*Task directions*. Exactly the lines from the one holding "2024 대전 청년 월세" through the end of the material below must be printed, nothing more, and the pictures must be dropped.

*Given information*.

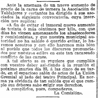 22 de octubre de 1917. Como hemos visto en hemerotecas anteriores, Barcelona era ya una ciudad muy importante en cuanto a comercio e industria, y la organización de sus gremios era uno de los puntos fuertes de sus trabajadores, sobre todo, cuando necesitaban solucionar problemas. Como vemos en esta noticia, se estaba produciendo la amenaza de un nuevo aumento en el precio de la carne, por lo que la comisión de organización les animaba a asistir a una reunión para tratar el asunto. El problema de los precios de la carne llevaba meses atormentando a los vendedores, dado que los abastecedores imponían precios más altos y esto terminaba afectando al precio final que pagaba el consumidor.
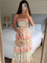 This dress has a tiered silhouette with spaghetti straps and a maxi length.
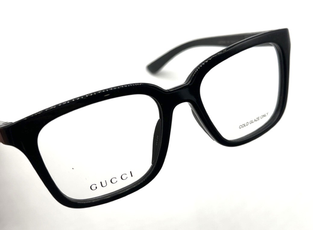 Monture noire épaisse en acétate, de forme rectangulaire légèrement arrondie, offrant un style à la fois sobre et sophistiqué. Le logo Gucci est discrètement visible sur le verre, soulignant le caractère haut de gamme et la qualité de fabrication. Idéales pour un look chic au quotidien.
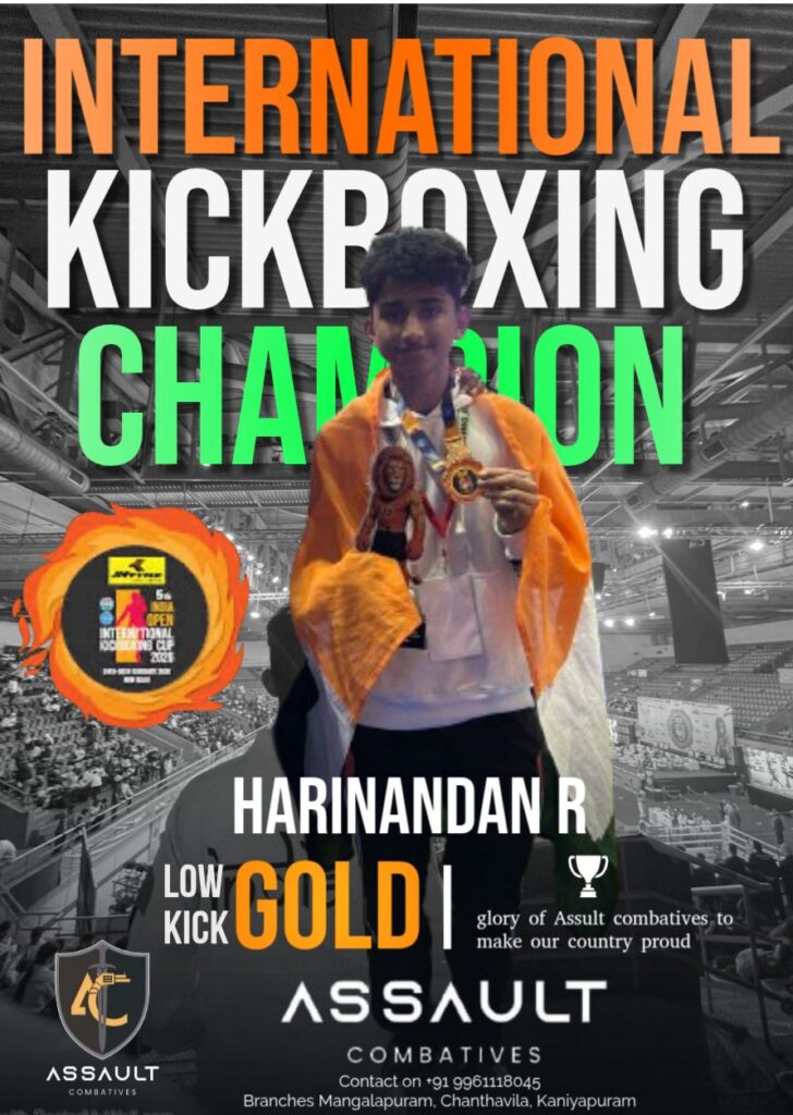 -51 കിലോഗ്രാം വിഭാഗത്തിൽ നടന്ന പോരാട്ടത്തിൽ സാങ്കേതിക തികവും വേഗതയും ഒത്തിണങ്ങിയ പോരാട്ടത്തിലൂടെയാണ് ഹരിനന്ദൻ വിജയം കണ്ടെത്തിയത്. ആയോധനകല പരിശീലകനും ഇൻറർനാഷണൽ കിക്ക് ബോക്സിങ് റഫറിയുമായ ഗിന്നസ് ആദർശിൽ നിന്നുമാണ് കഴിഞ്ഞ നാല് വർഷങ്ങളായി അസോൾട്ട് കോംപാക്ട് മാർഷ്യൽ ആർട്സ് അക്കാദമിയിൽ ആണ് ഹരിനന്ദൻ കിക്ക് ബോക്സിങ്ങും മറ്റ് ആയോധനകലകളും പരിശീലിക്കുന്നത്.
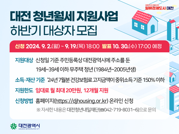 2024 대전 청년 월세 지원사업 안내신청기간 2024년 9월 2일(월) 09:00 ~ 9월 19일(목) 18:00 선정발표 2024년 10월 30일(수) 17:00 예정 지원대상 신청일 기준 대전시 거주, 19세 ~ 39세의 무주택 청년 가구 ※
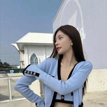 无论是知晓的蓝黑撞色小香风开衫,还是又酷又飒的黑皮衣配牛仔裤
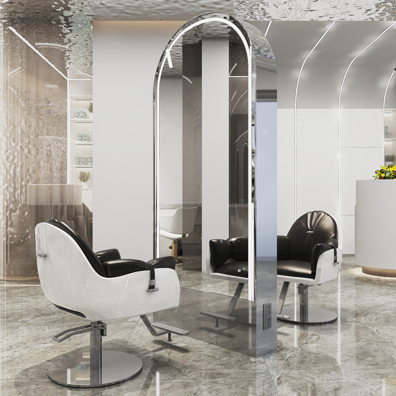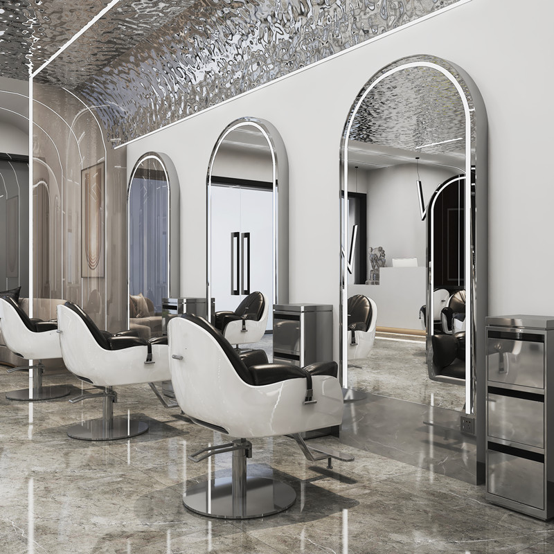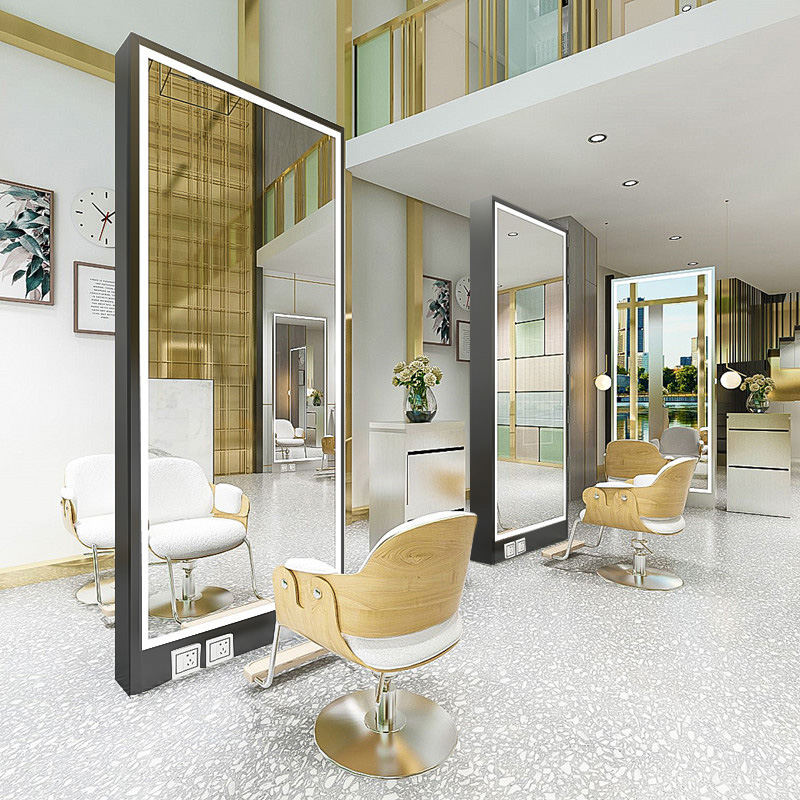 Net red single-sided light luxury hair salon hairdressing mirror simple modern hair salon special stainless steel floor mirror with lamp against the wall

*Task answer*.
 2024 대전 청년 월세 지원사업 안내신청기간 2024년 9월 2일(월) 09:00 ~ 9월 19일(목) 18:00 선정발표 2024년 10월 30일(수) 17:00 예정 지원대상 신청일 기준 대전시 거주, 19세 ~ 39세의 무주택 청년 가구 ※
 无论是知晓的蓝黑撞色小香风开衫,还是又酷又飒的黑皮衣配牛仔裤
 Net red single-sided light luxury hair salon hairdressing mirror simple modern hair salon special stainless steel floor mirror with lamp against the wall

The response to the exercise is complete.